Yes, the byte order may be different. C# assumes little-endian may use the platform's byte ordering, Java tends to use big-endian. This has been discussed before on SO. See for example C# little endian or big endian?
Is there an easy way to serialize data in c++ (either to xml or binary), and then deserialize the data in C#?
I'm working with some remote WINNT machines that won't run .Net. My server app is written entirely in C#, so I want an easy way to share simple data (key value pairs mostly, and maybe some representation of a SQL result set). I figure the best way is going to be to write the data to xml in some predefined format on the client, transfer the xml file to my server, and have a C# wrapper read the xml into a usable c# object.
The client and server are communicating over a tcp connection, and what I really want is to serialize the data in memory on the client, transfer the binary data over the socket to a c# memory stream that I can deserialize into a c# object (eliminating file creation, transfer, etc), but I don't think anything like that exists. Feel free to enlighten me.
Edit
I know I can create a struct in the c++ app and define it in c# and transfer data that way, but in my head, that feels like I'm limiting what can be sent. I'd have to set predefined sizes for objects, etc
Protocol Buffers might be useful to you.
Protocol buffers are Google's language-neutral, platform-neutral, extensible mechanism for serializing structured data – think XML, but smaller, faster, and simpler. You define how you want your data to be structured once, then you can use special generated source code to easily write and read your structured data to and from a variety of data streams and using a variety of languages – Java, C++, or Python.
.NET ports are available from Marc Gravell and Jon Skeet.
I checked out all mentioned projects like prottocol buffers, json, xml, etc. but after I have found BSON I use this because of the following reasons:
Easy to use API
Available in many languages (C, C++, Haskell, Go, Erlang, Perl, PHP, Python, Ruby, C#, ...)
Binary therefore very space efficient and fast (less bytes->less time)
constistent over platforms (no problems with endianess, etc)
hierarchical. The data model is comparable to json (what the name suggests) so most data modelling tasks should be solvable.
No precompiler necessary
wideley used (Mongodb, many languages)
C++ doesn't have structural introspection (you can't find out the fields of a class at runtime), so there aren't general mechanisms to write a C++ object. You either have to adopt a convention and use code generation, or (more typically) write the serialisation yourself.
There are some libraries for standard formats such as ASN.1, HDF5, and so on which are implementation language neutral. There are proprietary libraries which serve the same purpose (eg protocol buffers).
If you're targeting a particular architecture and compiler, then you can also just dump the C++ object as raw bytes, and create a parser on the C# side.
Quite what is better depends how tightly coupled you want your endpoints to be, and whether the data is mainly numerical (HDF5), tree and sequence structures (ASN.1), or simple plain data objects (directly writing the values in memory)
Other options would be:
creating a binary file that contains the data in the way you need it
( not a easy & portable solution )
XML
YAML
plain text files
There are a lot of options you can choose from. Named pipes, shared
memory, DDE, remoting... Depends on your particular need.

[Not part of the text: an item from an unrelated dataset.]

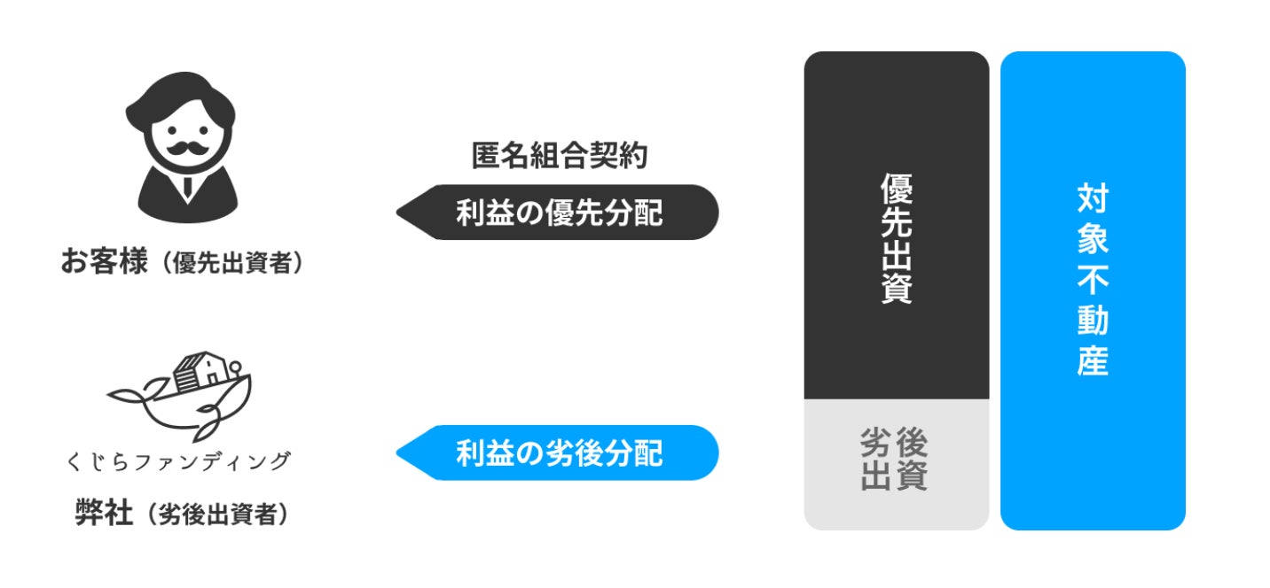 くじらファンディングでは、お客様の出資元本の安全性を高めるため、優先劣後システムを採用しております。

Quick googling gave the following:
Named pipes
Named Shared Memory
DDE
As mentioned already, Protocol Buffers are a good option.
If that option doesn't suit your needs, then I would look at sending the XML over to the client (you would have to prefix the message with the length so you know how much to read) and then using an implementation of IXmlSerializer or use the DataContract/DataMember attributes in conjunction with the DataContractSerializer to get your representation in .NET.
I would recommend against using the marshaling attributes, as they aren't supported on things like List<T> and a number of other standard .NET classes which you would use normally.